I spent a lot of time during the past 12 months looking at that newspaper photo of Ray, wondering how many stories he wrote about the Spanish Flu. Did he repeatedly remind people about public health orders and deal with residents who refused to believe the pandemic was real? Did he interview families about lost loved ones and then tear up as he typed?
Ray has been my periodic muse ever since his desk made its way to my house. But this year, he was also my imaginary friend. I never had the chance to actually meet the man — he died on Oct. 7, 1961, two weeks to the day after I was born. Maybe we were both patients at Longmont Community Hospital at the same time. But I’ve enjoyed learning details about Ray’s life, thanks to the help of the aforementioned Eric Mason.
He served as Longmont mayor for 12 years from 1931 to 1943. “He couldn’t stand to see men out of work and it is said he got more WPA projects for Longmont than any other mayor in northern Colorado,” reads the memorial editorial that appeared in the Oct. 9, 1961 edition of the Times-Call.
Back in the early 1920s, Ray editorially battled the Ku Klux Klan, which was active in Longmont. “He was threatened at the office and at home. A campaign was launched to have subscriptions canceled. He never relented,” reads that same 1961 piece.
But my favorite line from that editorial is this: “After selling his holdings in the Daily Times-Call, he was named editor emeritus in honor of 38 years as the previous publisher. Until his recent illness, there was seldom a day he wasn’t at the desk reserved for him.”
My imaginary colleague
For the past year, while I was working alone in my house, every now and then I would talk to Ray. It made for a nice break from my conversations with the dog and the cat. “See Ray, here I am, trying to let people know what they need to know,” I’d say. I think he would have appreciated my efforts at relevance. I think he would have recognized them.

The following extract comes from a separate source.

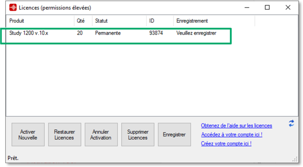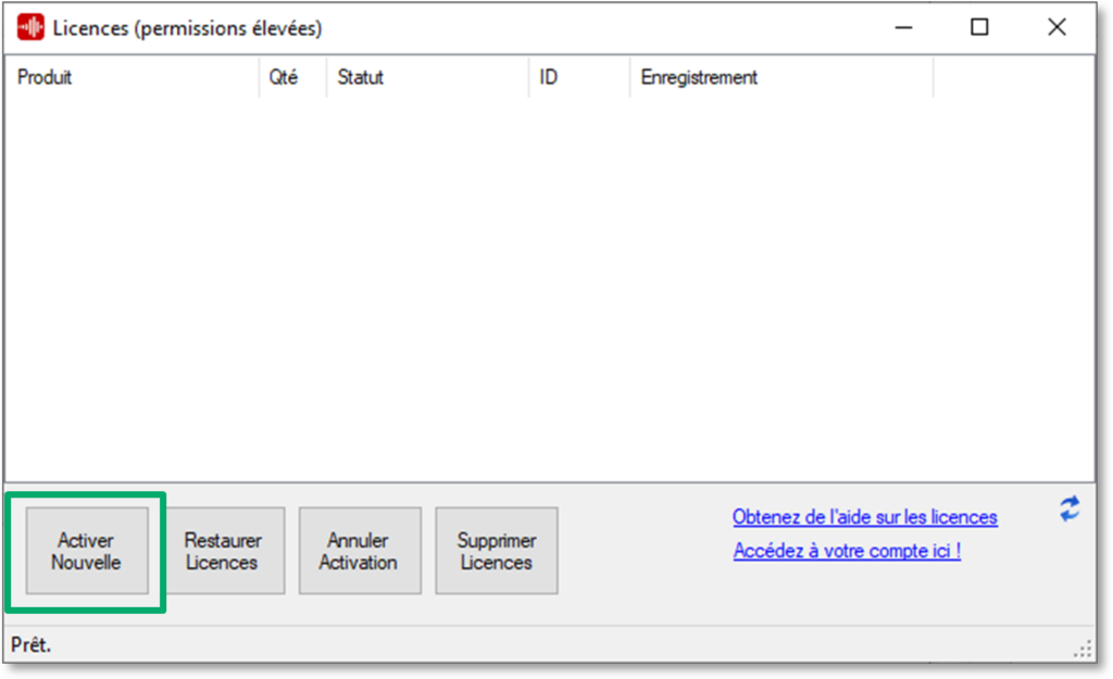 8. La fenêtre de gestion des licences apparait ensuite.

I wonder how his work writing about the Spanish Flu pandemic stacked up against all the big stories Ray must have covered during his career. Was it up there with the 1929 stock market crash or Pearl Harbor Day? Did the job of extended Spanish Flu coverage produce the same combination of exhaustion and fulfillment that covering COVID-19 has? At the Vail Daily, we worked hard this year and we are proud of our pandemic reach. We remain committed to this reporting effort as demonstrated this week with our Shining Through series.
But even after a year when I spent a ton of time at my desk, I am certain that I will never bang out as as many stories there as Ray did. I can almost see him pulling up his chair and pounding away at his Underwood typewriter, as he did for almost four decades.
Many years ago, my dad told me we wanted me to have the desk because it needed to go to a journalist. I like to believe that Ray — my silent partner in pandemic reporting — would have thought so, too.